So, really, a lot of the infrastructure we've done on the on our platform has just been extending each of those little platform pieces so that they have awareness to how to link over to, a rendering of a notebook and how to, like, link that rendered notebook back into the system. So the new infrastructure we've had to deploy is really around keeping a, the ability to deploy dedicated and ad hoc Jupyter Servers so that we can have servers up that are live and iterative. And then also we've put up, through another interactive open source tool, We use, Commuter, which is a good read only interface for notebooks. And we have a bunch of, a bunch of our assets all live in s 3 and are served through the the commuter interface and kind of like what happened type mode. You can go look at any notebook without accidentally editing or or manipulating the source of truth. I'm trying to think what other, infrastructure we really had to bring up. And then, oh, the other infrastructure we had to do is actually more on the library side, in sense of, like, we wanna support multiple types of kernels.
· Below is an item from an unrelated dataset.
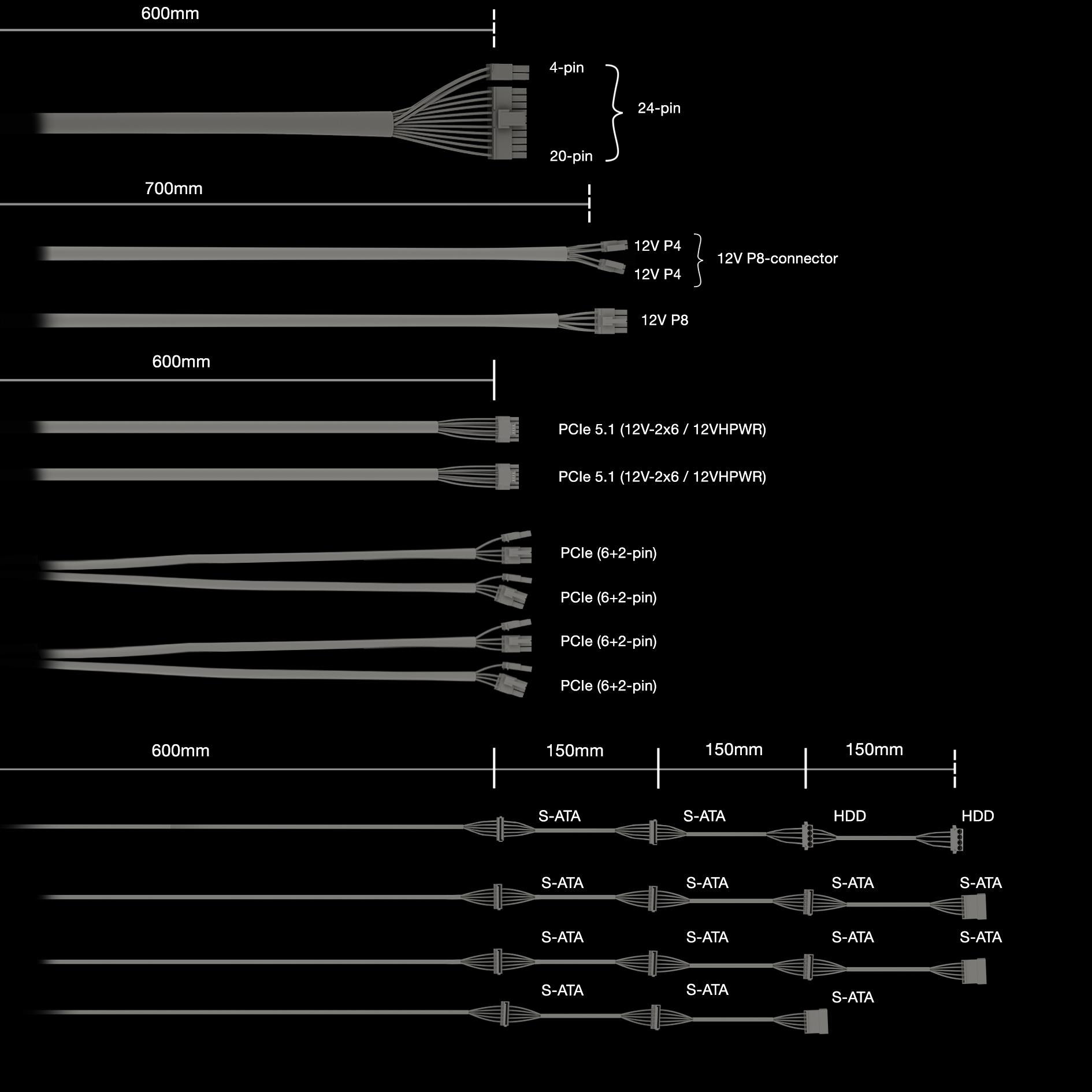 SATA power cable length: 1050/600/750/900

So, we've done we've been contributing more and more in the Scala space. We're trying to get the community to unite around some Scala kernel improvements and and make that world better. But most of our stuff is running on Python or r that's going to the notebook path. And there, the the kernels are pretty well defined already, though we have some extensions for, like, connecting to specific platform capabilities. In those cases, those were the types of things we had to actually focus on building, and the the rest of the diagram kinda fits. It's like any other tool you would use. You know, we're using s 3 as our store for a lot of things. A lot of our other tools already understand the data that's there and how it's represented. So at the end of the day, the infrastructure we had to add was less than sort of the abstraction concept that we're communicating and and expressing the users.
[00:14:33] Unknown:
And you said that when you first started at Netflix, there was already some discussion and motivation for going down this path of focusing a lot of your use cases and workflows around Jupyter Notebooks. So I'm wondering what was the driving force behind that effort? Was there a particular team that had a specific pain that they were trying to address? And once you did have some momentum behind the implementation, was there any difficulty in getting other teams to buy into this new technical platform?
[00:15:07] Unknown:
Yeah. That's a a really good question. When I joined the so the big data platform team had sort of bought into this there's this great memo that went around that, we had. It was labeled notebooks everywhere, and it it sort of asked the question of why not use a notebook for doing some of the work we're doing. And some of the answers there are, like, well, maybe the editor isn't as nice as my local editor. That's something you could solve or or improve, or it's usually very minor things like linting additions to your interface. Or there might be something like, hey. It's it's hard to test a notebook. And at the time, that that was pretty true, and I think the story has gotten better there. But in general, like, the end the day, it's like we have a lot of machine learning work that's done here, and a lot of the iterative development is in notebooks already. So it was looking at what what will be a shared interface that different teams could all use that they can all agree upon was was a reasonable document to to look at and interact with. And we were looking a lot. The big motivating factor was actually looking forward to how what are the employees going to look like in 2 or 3 years, and what's the distribution? The distribution is not going to be what we have today or had last year, which is more focused on the data engineering side. Netflix has hired a lot more analysts and and kinda content focused oriented developers or people. And there, the technical skill set's different and the the expectation with interfaces is different. And we wanted to emphasize a contract format that was much more shareable and but still familiar to to players that are already in the space that Netflix occupies. So, you you know, stepping back from, like, what motivated this, it motivated that the tools and the way we show how things are run and what was happening were completely alien to a lot of our new, like, fastest growing teams. And once you
[00:16:57] Unknown:
had that unification of the Jupyter Notebook as a common means of different teams being able to build and execute their different projects, Did you find that there was the opportunity for consolidating or sharing a lot of existing work between those different roles?
[00:17:17] Unknown:
Actually, I think this kinda leads into the part I didn't answer in the last part, which was was there any kind of resistance to adopting notebooks? And I think this plays into how well has it been adopted. And I think we're still actually decently early on that story at Netflix in the sense that we have infrastructure that's now making this usable and everyone, but I wouldn't say the majority of people on their everyday development, like, go to a notebook. But I would say that now a large percentage of users are familiar with notebooks as the way to understand what happened in the platform or at least are becoming familiar. And I think there, the initial resistance was that not to the idea of the notebook, it was to the idea of how you develop with a notebook or iterate on notebooks.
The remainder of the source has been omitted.